A fruta de Afrânio Peixoto

 

A FRUTA DE AFRÂNIO PEIXOTO

Miguel Carqueija

 

Resenha do romance “Fruta do mato”, de Afrânio Peixoto. W.M. Jackson Inc. Editores, Rio de Janeiro-São Paulo-Porto Alegre, 1944.

 

Romance volumoso, com mais de 350 páginas se contarmos as notas finais, passa-se em alguma região da Bahia no último ano do Império. Bem escrito e estruturado, narrado na primeira pessoa pelo advogado Vergílio de Aguiar, termina de forma patética depois de atravessar uma série de dramas amorosos, sociais e passionais, refletindo ainda bem forte as sequelas da escravidão recentemente abolida.

Apesar dos sofrimentos, conflitos e tragédias, tem o seu lado cômico.
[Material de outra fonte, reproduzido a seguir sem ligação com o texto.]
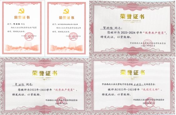 2021年5月27日入党以来,贺洪陆时刻以一名优秀共产党员标准严格要求自己,积极参加党支部组织生活,认真落实“三会一课”,获校“优秀学生共产党员”、院“优秀共产党员”(两次)等荣誉称号。

Por exemplo, num tempo em que não havia tv ou sequer rádio, mas só o telégrafo, o telegrafista Geraldo é preso como “doido furioso”, porque, republicano ferrenho, recebeu a notícia da proclamação da República. O Dr. Vergílio, ao saber da “loucura”, espantou-se: “Mas eu estive com ele, ainda esta manhã, de saúde perfeita!”, ao que o sentinela da cadeia respondeu: “Juízo é mesmo para se perder”. E o Zoroastro acrescentou mais detalhes: o Geraldo tinha procurado o Coronel Libânio para contar a novidade e “como o Libânio não pudesse crer em todas essas maluquices” (sic) ele se exaltou e acabou sendo preso.

Não são muitos os personagens, mas bem delineados. Vergílio, aparentemente um sujeito equilibrado, mas capaz de se perturbar com a sedução de uma mulher casada e menos culta, a quem ele mal conhece; Gracinha, a garota, filha da preocupada Dona Loló, que sendo requestada por três homens (Vergílio, Zoroastro e Espiridião) sem que ninguém se decida, acaba fugindo com o Pulquério, definido como um “joão-ninguém”; Américo, amigo de Vergílio e esposo de Joaninha, que aparece pouco, sendo a figura do marido traído; Joaninha, ambígua, que faz de tudo para seduzir Vergílio, que fica na corda bamba e é o tipo do sujeito indeciso. E Onofre, o zelador da fazenda Corre-Costa com sua fama de mal-assombrada — Onofre, mestiço que odiava brancos e negros e cobiçava Joaninha.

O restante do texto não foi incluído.